На второй год войны, когда семьям без кормильцев, ушедших на фронт, жилось несладко, в Синегорье развернулось соревнование: кто больше соберет шишек и сдаст для фронта, да и припасет себе на продажу, чтобы выручить денег на пропитание. Вначале действовали организованно. Рисовали специальную карту, распределяли между собой места произрастания кедров, назначали ответственных и выдавали каждой партии мешки. Заботились и о безопасности работы. Но потом пошла самодеятельность: каждый раз выходил спор, кому пойти на ближний участок.
Однажды подросток Витька Летягин  решил отличиться самостоятельно. Собрался среди недели втайне от матери, которая трудилась в шахте, и ушел в кедровник один. Вечером мать, придя с работы и не дождавшись сына, стала допытываться у дружков, не видели ли они Витьку. Те, помявшись, сказали, наконец, что он ушел в тайгу. Наскоро организованный поисковый отряд  нашел его уже ночью в обломанных ветках под деревом. В поселковую больницу его  несли на кедровых лапах-носилках. Оказалось: перелом  позвоночника, и надежды, что Витька будет со временем ходить, почти никакой. Так и стал Витька Летягин первым малолетним инвалидом поселка, травмированным по стечению обстоятельств и, как он сам выражался, чтобы оправдать свой необдуманный поступок, «ради победы в Великой Отечественной войне». Но кому нужен этот мальчишеский необдуманный подвиг? Сбор кедровых шишек в поселке враз прекратили.

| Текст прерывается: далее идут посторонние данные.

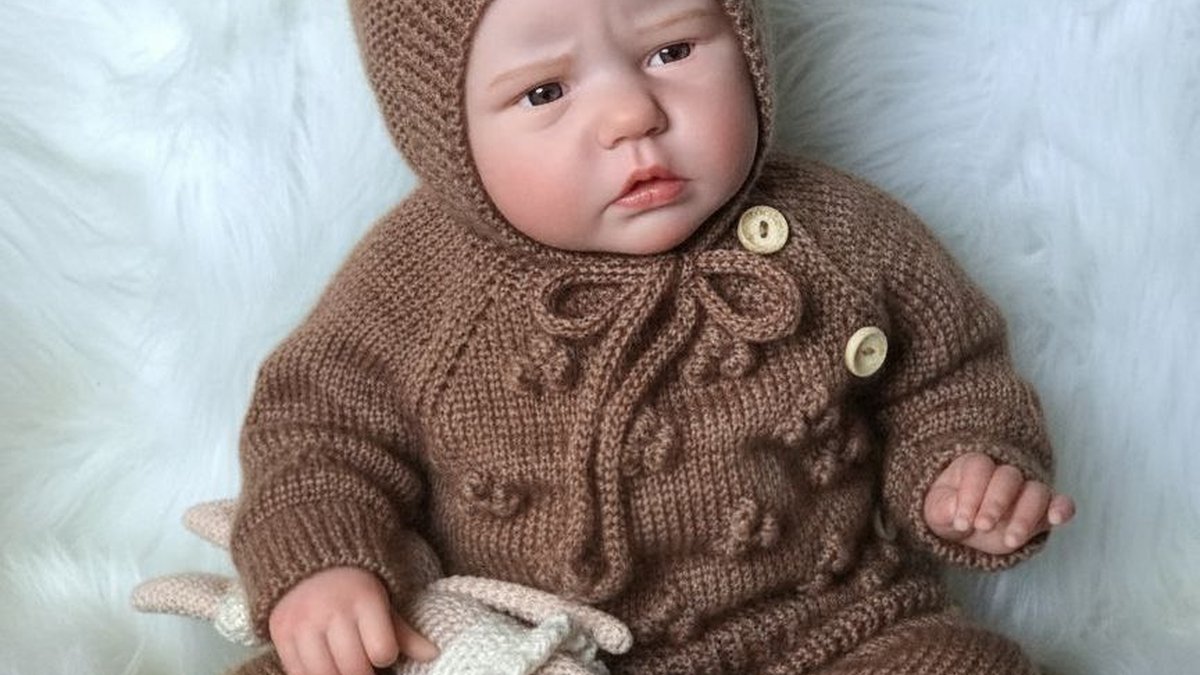 Очень трогательный комплект для малыша: тёплый вязаный костюм в оттенке «какао» и шапочка-шлем с ушками «мишка». Полотно ровное, плотность выдержана, лицевая гладь аккуратная, горловина и планки выглядят чисто обработанными, пуговицы подобраны в тон и не спорят с фактурой. Декор на переде добавляет объёма и «ручного» шарма. В кадре также есть мягкая вязаная куколка/зайка в молочном цвете — приятный компаньон и усиление сказочного настроения. Фото нежное, свет мягкий, изделие отлично читается.

Витьку все жалели и по возможности несли ему свои нехитрые гостинцы. Помогал своему другу справиться с нарастающей тоской  и Емельян Акримов. Он считал своим долгом проводить около Витьки часок-другой, изобретая для него нехитрые сидячие игры, принося с собой какую-нибудь паренку-морковку или жвачку из сосновой серы.
Емельяну до шестнадцатилетия оставалось полгода, когда военкомат неожиданно дал ему направление в горный техникум. В шахте, добывающей медь,  сырье для военной промышленности, не хватало специалистов, и его отправили на ускоренные полуторагодовые курсы технологов при районном техникуме. Прощаясь с Витькой, Емельян пообещал, что будет навещать его, приезжая по воскресеньям из райцентра  с гостинцами, припасенными в студенческой столовой.
Земляника военной поры
Тяжко, по продовольственным карточкам, жили-перемогались в войну  в поселке,  не получали  полноценного питания дети. Здесь, в Синегорье, где добывали медный колчедан и производили другую  нехитрую продукцию для фронта, явных признаков войны не было видно. Но ощущение напряженного труда немногих мужчин, оставшихся «на броне», и  женщин, работающих без отдыха и выходных, оставило свой след надолго.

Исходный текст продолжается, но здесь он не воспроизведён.